## RECORDED INFORMATION
◇ ◇ ◇ ◇ ◇
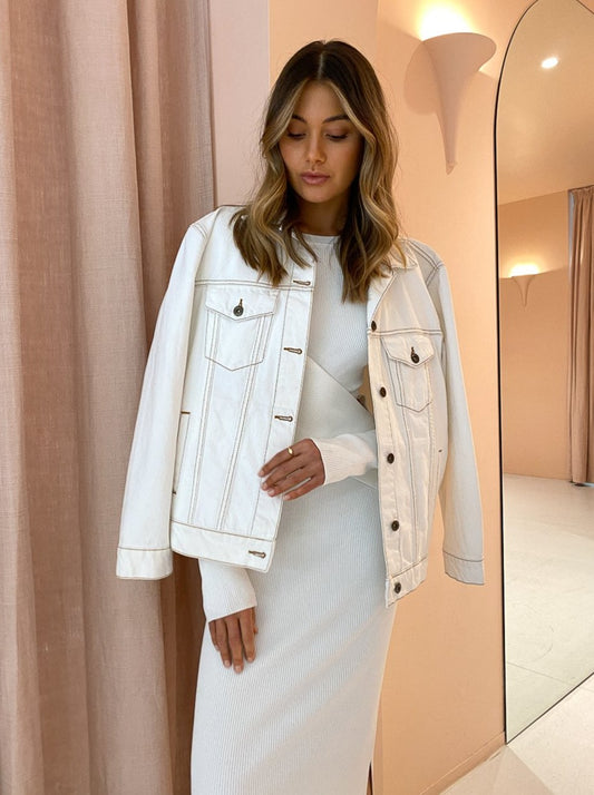 For those cooler days, layer over the SIR. Denim Jacket in Ivory Denim for a chic Coco edge.
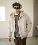 メンズライクコーデ🌿 アウターは ボリュームのあるフードが特徴的な、 機能中綿ブルゾン🫶🏼 めちゃくちゃ軽くて960g!!! ふんわり羽織れるのに保温力抜群です!
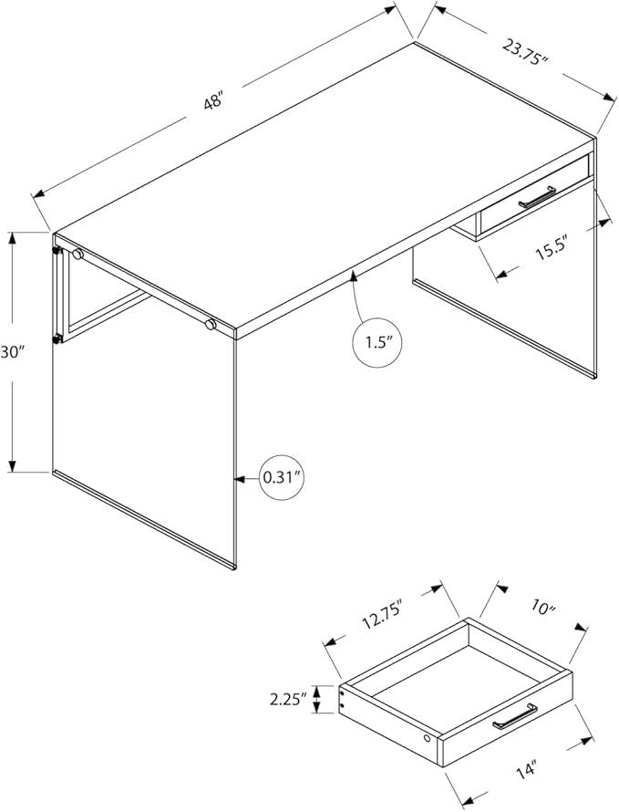 Monarch Specialties Computer Desk - Contemporary Writing Desk with Drawer - Tempered Glass Legs - 48"L (Grey Reclaimed Wood Look)
◇ ◇ ◇ ◇ ◇
## WHAT YOU HAVE TO DO
In your reply, every line of the material should appear exactly as written, and no picture should.

## ANSWER TO THIS PROBLEM
 For those cooler days, layer over the SIR. Denim Jacket in Ivory Denim for a chic Coco edge.
 メンズライクコーデ🌿 アウターは ボリュームのあるフードが特徴的な、 機能中綿ブルゾン🫶🏼 めちゃくちゃ軽くて960g!!! ふんわり羽織れるのに保温力抜群です!
 Monarch Specialties Computer Desk - Contemporary Writing Desk with Drawer - Tempered Glass Legs - 48"L (Grey Reclaimed Wood Look)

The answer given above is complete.